Maxims and Reflections

Johann Wolfgang von Goethe

Translated by Bailey Saunders (1892)

Life and Character



The secret places in the way of life may not and cannot be revealed: there are rocks of offence on which every traveller must stumble. But the poet points to where they are.


It would not be worth while to see seventy years if all the wisdom of this world were foolishness with God.


The true is Godlike: we do not see it itself; we must guess at it through its manifestations.


The real scholar learns how to evolve the unknown from the known, and draws near the master.


In the smithy the iron is softened by blowing up the fire, and taking the dross from the bar. As soon as it is purified, it is beaten and pressed, and becomes firm again by the addition of fresh water. The same thing happens to a man at the hands of his teacher.


What belongs to a man, he cannot get rid of, even though he throws it away.

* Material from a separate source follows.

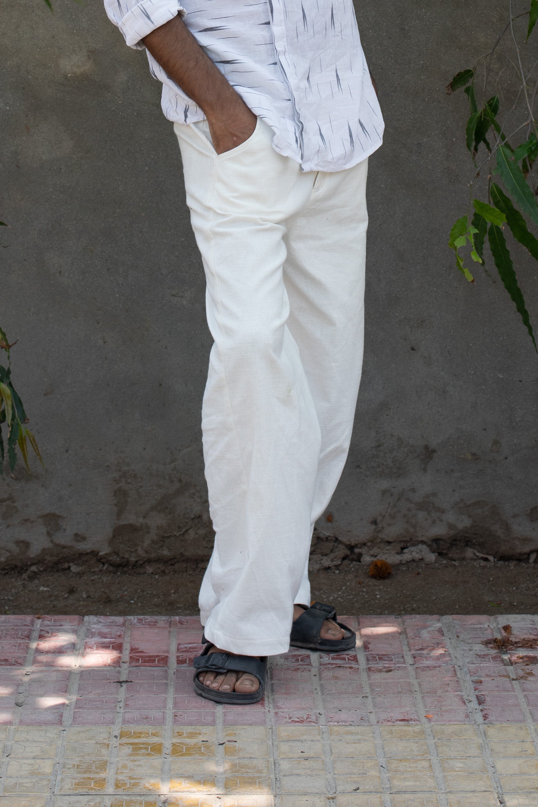 Classic straight fit pants in a pearly white heavy weight slub cotton, the perfect basic addition to your wardrobe.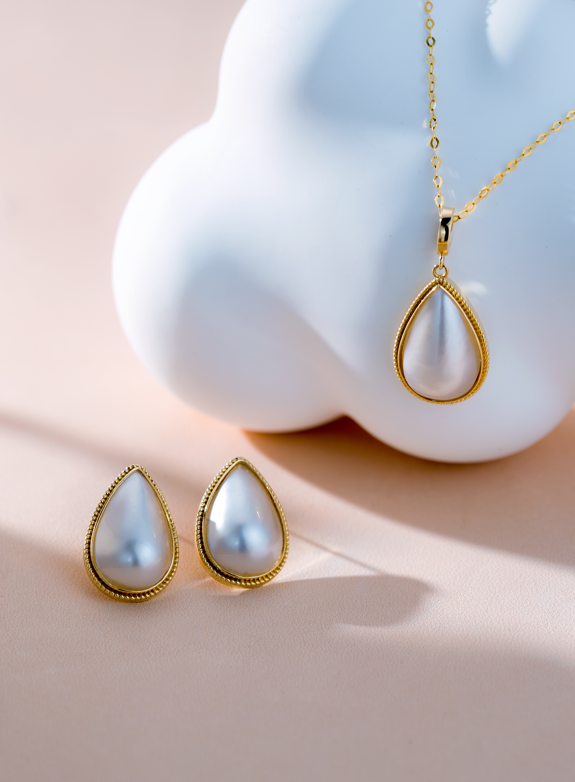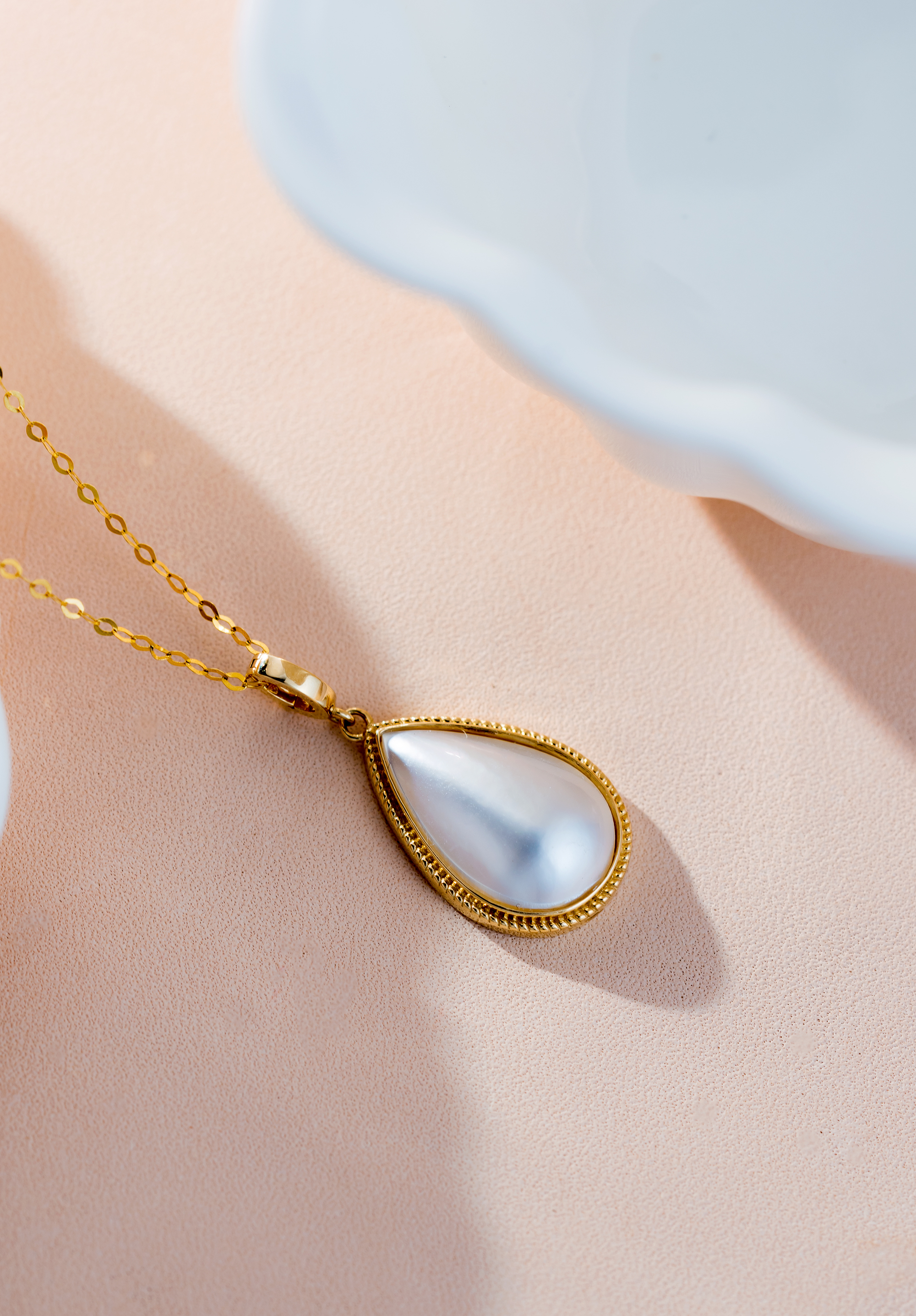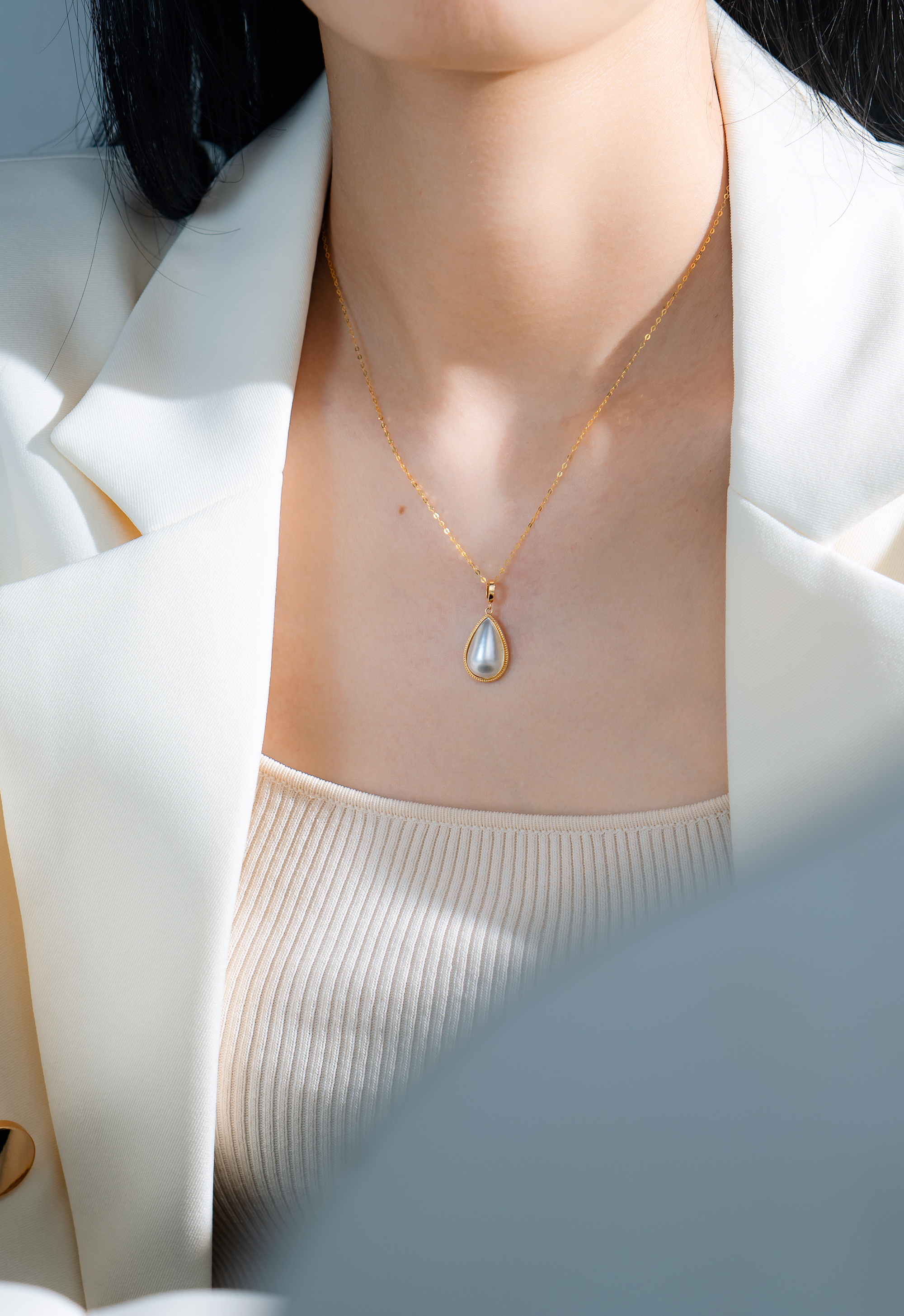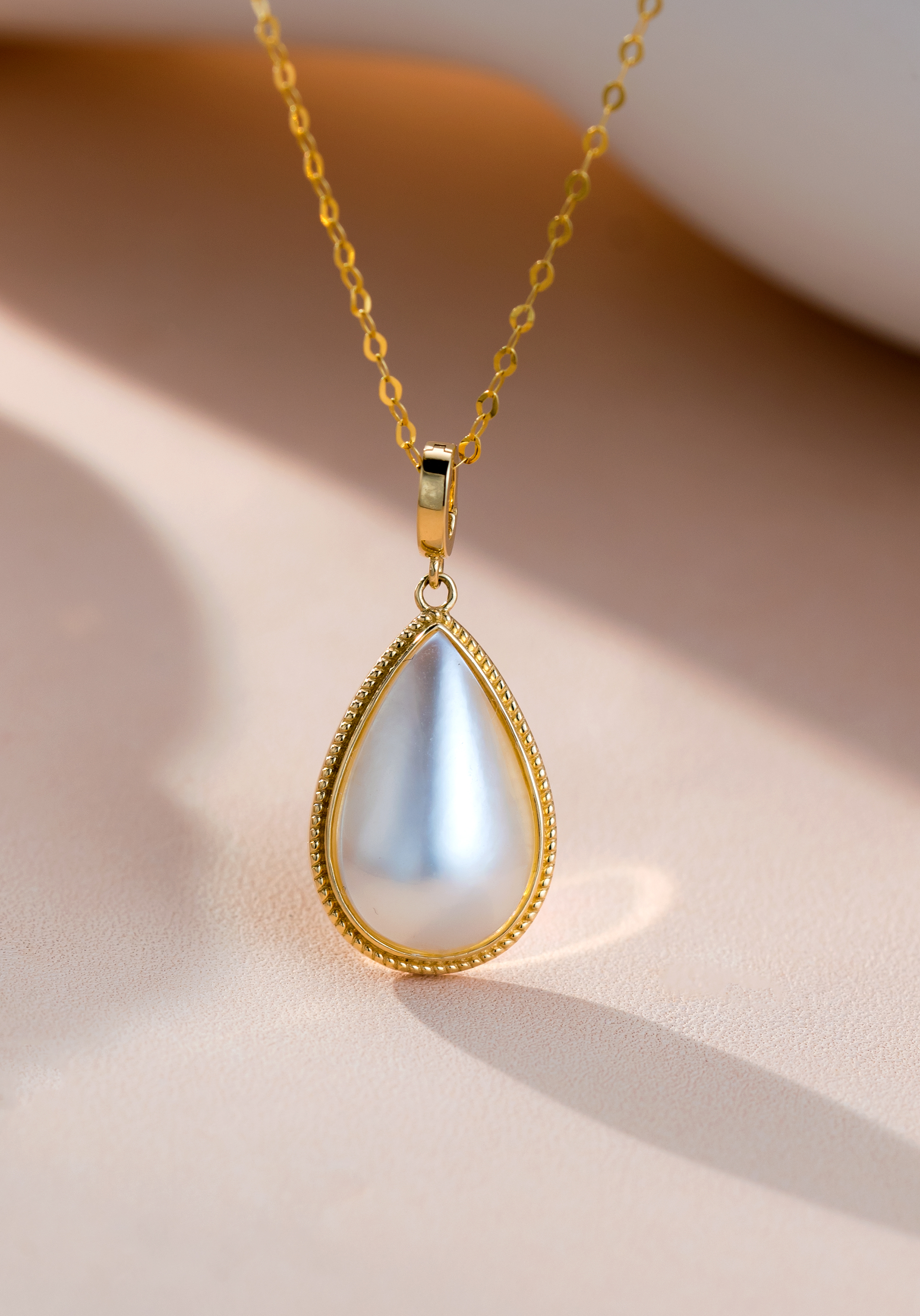 This pendant beautifully combines the natural beauty of drop-shaped South Sea Mabe pearl with luxurious 18K gold. The golden luster enhances the warm, lustrous sheen of the Mabe, creating a unique charm. With its elegant twisted edge design, this pendant is perfect for various occasions.

Of true religions there are only two: one of them recognises and worships the Holy that without form or shape dwells in and around us; and the other recognises and worships it in its fairest form. Everything that lies between these two is idolatry.


It is undeniable that in the Reformation the human mind tried to free itself; and the renaissance of Greek and Roman antiquity brought about the wish and longing for a freer, more seemly, and elegant life. The movement was favoured in no small degree by the fact that men's hearts aimed at returning to a certain simple state of nature, while the imagination sought to concentrate itself.


The Saints were all at once driven from heaven; and senses, thought, and heart were turned from a divine mother with a tender child, to the grown man doing good and suffering evil, who was later transfigured into a being half-divine in its nature, and then recognised and honoured as God himself. He stood against a background where the Creator had opened out the universe; a spiritual influence went out from him; his sufferings were adopted as an example, and his transfiguration was the pledge of everlastingness.


As a coal is revived by incense, so prayer revives the hopes of the heart.


From a strict point of view we must have a reformation of ourselves every day, and protest against others, even though it be in no religious sense.


It should be our earnest endeavour to use words coinciding as closely as possible with what we feel, see, think, experience, imagine, and reason. It is an endeavour which we cannot evade, and which is daily to be renewed.

Let every man examine himself, and he will find this a much harder task than he might suppose; for, unhappily, a man usually takes words as mere make-shifts; his knowledge and his thought are in most cases better than his method of expression.

False, irrelevant, and futile ideas may arise in ourselves and others, or find their way into us from without. Let us persist in the effort to remove them as far as we can, by plain and honest purpose.


As we grow older, the ordeals grow greater.


Where I cannot be moral, my power is gone.


A man is not deceived by others, he deceives himself.


Laws are all made by old people and by men. Youths and women want the exceptions, old people the rules.


It is not the intelligent man who rules, but intelligence; not the wise man, but wisdom.


To praise a man is to put oneself on his level.


It is not enough to know, we must also apply; it is not enough to will, we must also do.


Chinese, Indian, and Egyptian antiquities are never more than curiosities; it is well to make acquaintance with them; but in point of moral and aesthetic culture they can help us little.


The German runs no greater danger than to advance with and by the example of his neighbours. There is perhaps no nation that is fitter for the process of self-development; so that it has proved of the greatest advantage to Germany to have obtained the notice of the world so late.


Even men of insight do not see that they try to explain things which lie at the foundation of our experience, and in which we must simply acquiesce.

Yet still the attempt may have its advantage, as otherwise we should break off our researches too soon.


From this time forward, if a man does not apply himself to some art or handiwork, he will be in a bad way. In the rapid changes of the world, knowledge is no longer a furtherance; by the time a man has taken note of everything, he has lost himself.


Besides, in these days the world forces universal culture upon us, and so we need not trouble ourselves further about it; we must appropriate some particular culture.


The greatest difficulties lie where we do not look for them.


Our interest in public events is mostly the merest philistinism.


Nothing is more highly to be prized than the value of each day.


Pereant qui ante nos nostra dixerunt! This is so strange an utterance, that it could only have come from one who fancied himself autochthonous. The man who looks upon it as an honour to be descended from wise ancestors, will allow them at least as much common-sense as he allows himself.


Strictly speaking, everything depends upon a man's intentions; where these exist, thoughts appear; and as the intentions are, so are the thoughts.


If a man lives long in a high position, he does not, it is true, experience all that a man can experience; but he experiences things like them, and perhaps some things that have no parallel elsewhere.